Os ghulams mais velhos envolvidos na trama eram provavelmente escravos do pai de Ahmad ibn Ismail. Esses escravos não tinham os laços de lealdade ao sucessor de seu mestre que tinham com seu mestre original. Por outro lado, os ghulams mais jovens que expuseram a trama eram provavelmente os mamelucos de Ahmad ibn Ismail que eram leais ao seu mestre assassinado.

Essa lealdade geracional não era incomum entre os escravos militares. O califa abássida al-Mutawakkil foi assassinado por mamelucos turcos em 861 enquanto bebia com alguns companheiros em seus aposentos privados. Os escravos que o assassinaram eram mamelucos de seu pai e foram ameaçados por este califa que tentou construir um novo exército de elite que fosse pessoalmente leal a ele. Além disso, quase todos os governantes bem-sucedidos do sultanato mameluco no Egito (1250-1517) expurgaram os mamelucos de seu predecessor e os substituíram por seus próprios mamelucos.

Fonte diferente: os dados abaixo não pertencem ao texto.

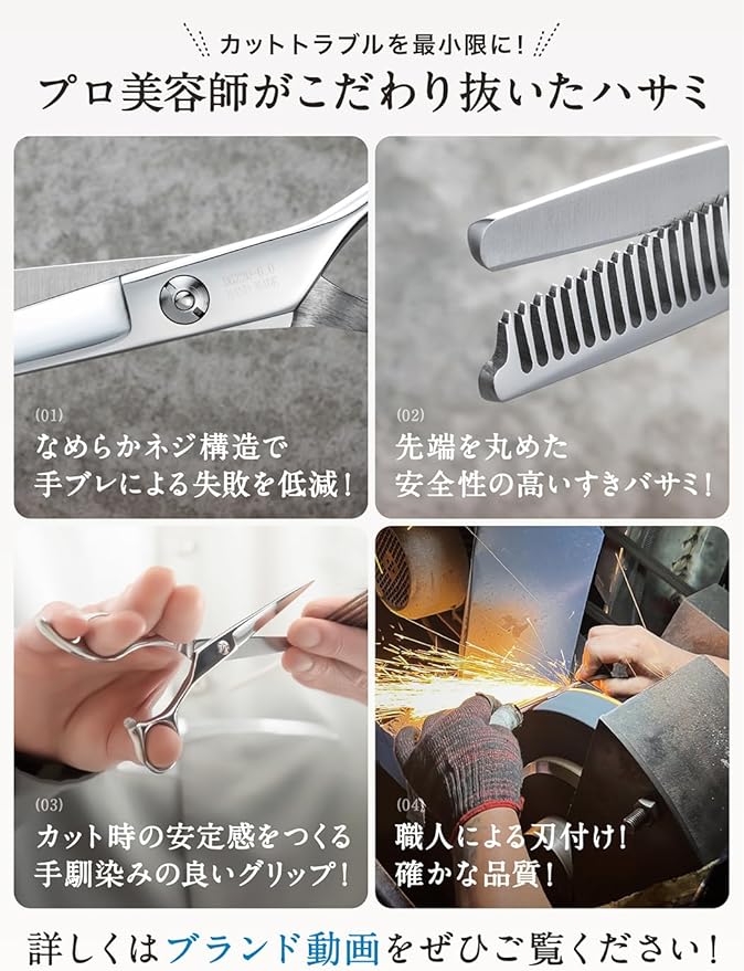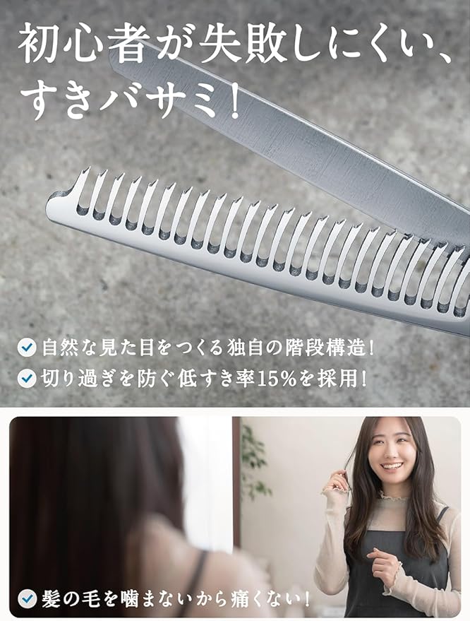 【商品仕様】一般的なすきバサミはすき率25%以上ですが、こちらはすき率15%。すき率を抑える事によって、切りすぎることなく初心者の方でも失敗するリスクを抑え、自然に仕上げることができます。
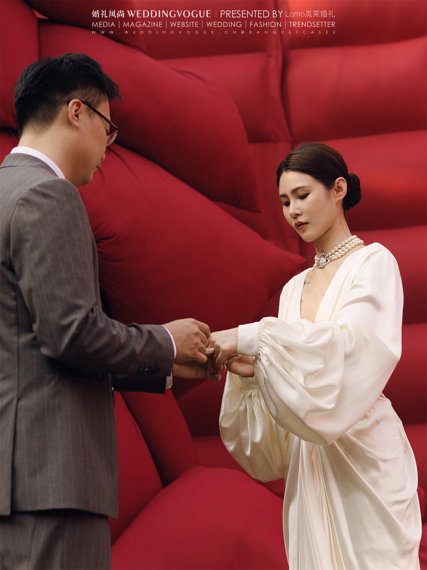 在「Lomo岚茉婚礼」这一场独特的婚礼中,以红、米白、蓝的配色,沉浸式布景构建氛围。在打造新人审美外化的同时,闪回为一段生命长河的蒙太奇。

A principal razão para tais medidas drásticas era que o novo governante só podia confiar na lealdade de seus próprios mamelucos e menos na dos escravos que herdou de seu (s) predecessor (es).

A principal exceção a essa situação era a do Império Otomano. Os otomanos tiveram sucesso onde todos os outros falharam em cimentar a lealdade das tropas domésticas, tanto escravas quanto nascidas livres, à dinastia otomana e não aos sultões individuais. Portanto, a lealdade dos janízaros de elite e das seis divisões da cavalaria doméstica era para a casa de Osman e transferida de um governante para o outro. Esta pode ser uma das razões da longevidade do Império Otomano (séculos XIV e XX).

Adam Ali é professor da Universidade de Toronto.

Leitura adicional:

Treadwell, Luke. “O Relato de Ibn Zafir sobre o Assassinato de Ahmad b. Isma'il e a sucessão de seu filho Nasr. ” No Estudos em homenagem a Clifford Edmund Bosworth Volume II editado por Carole Hillenbrand. Leiden, Boston: Brill, 2000.

Ali, Adam. “Poderoso até o fim: Utilizando Modelos Militares para Estudar a Estrutura, Composição e Eficácia do Exército Mamlūk”PhD Diss. Universidade de Toronto, 2017.

Frye, R.N. “Os samânidas.” No The Cambridge History of Iran, vol. 4, da invasão árabe aos seljúcidas. Editado por R. N. Frye, 136-161. Cambridge: Cambridge University Press, 1975.

Daniel, Elton L. “The Islamic East.” No The New Cambridge History of Islam, vol. 1 A formação do mundo islâmico do sexto ao décimo primeiro século. Editado por Chase F. Robinson, 448-505. Cambridge: Cambridge University Press, 2011.